Inacreditável é que entra ano e sai ano dezenas de novas publicações tomam conta das bancas do país, mas nenhuma pauta mais do que uma matéria superficial que vá contra os interesses da Igreja Católica (ainda que os interesses da Igreja Católica estejam embasados em suntuosas mentiras, como as falsas estatísticas contestando a eficácia da camisinha). Os articulistas, que quase sempre são funcionários dos veículos para o qual escrevem, atravessam os tempos de mãos amarradas, pois mesmo que quisessem fazer os seus questionamentos particulares: não podem infringir a linha editorial imposta pela direção ou pelas chefias imediatas das redações. Seria mais uma das tantas manifestações de pré-censura de algumas redações?

Agora, pasmem, para liquidar de vez com a esperança de uma mídia de melhor qualidade, religiosos de alguma vertente detectaram que precisam aumentar a presença do rebanho nos canais de imprensa e recomendaram que os pupilos estudem Comunicação e se formem em jornalismo.
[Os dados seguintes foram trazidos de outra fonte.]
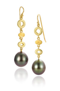 Tahitian pearls have general color categories (gray, black, blue, pistachio), but each one has its own unique color palette. This phenomenon makes for a beautiful interplay of color.
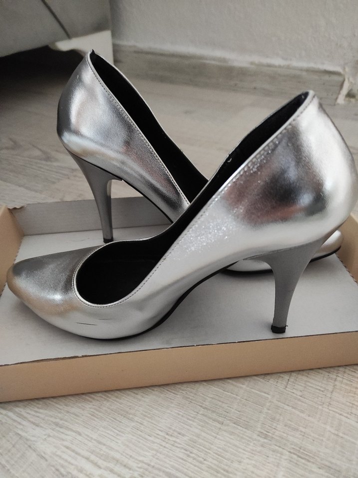 Gri parlak metal görünümlü, klasik zarafet sunan stiletto topuklu kadın ayakkabısı, romantik akşamlar için uygun.
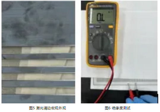 我們采用銳科旗幟P1000H方形光斑激光器,配置F170場鏡,平臺移動速度可達到115mm/s,具體清洗效果如下圖5所示,激光清洗后的玻璃表面沒有鈣鈦礦鍍層殘留且較為光亮,基材未受損,經過萬用表測試,可證明其在經過清洗后表面是絕緣的(圖6)。

É possível imaginar o que se sucederá daí em diante? Se hoje os manifestos questionadores das condutas religiosas já são uma minoria absoluta, imaginem como será quando religiosos com diplomas de jornalistas estiverem inundando as redações. Além de ser um país de bacharéis, como bem lembra o Dines, o Brasil passará a ser um país de religiosos bacharéis.

Não bastasse o controle onipresente da Igreja Católica em tudo, ainda teremos formadores de opinião canalizando as discussões para a religiosidade dos cidadãos. Isso é o que eu chamo de um legítimo túnel no fim da luz, sob todos os aspectos.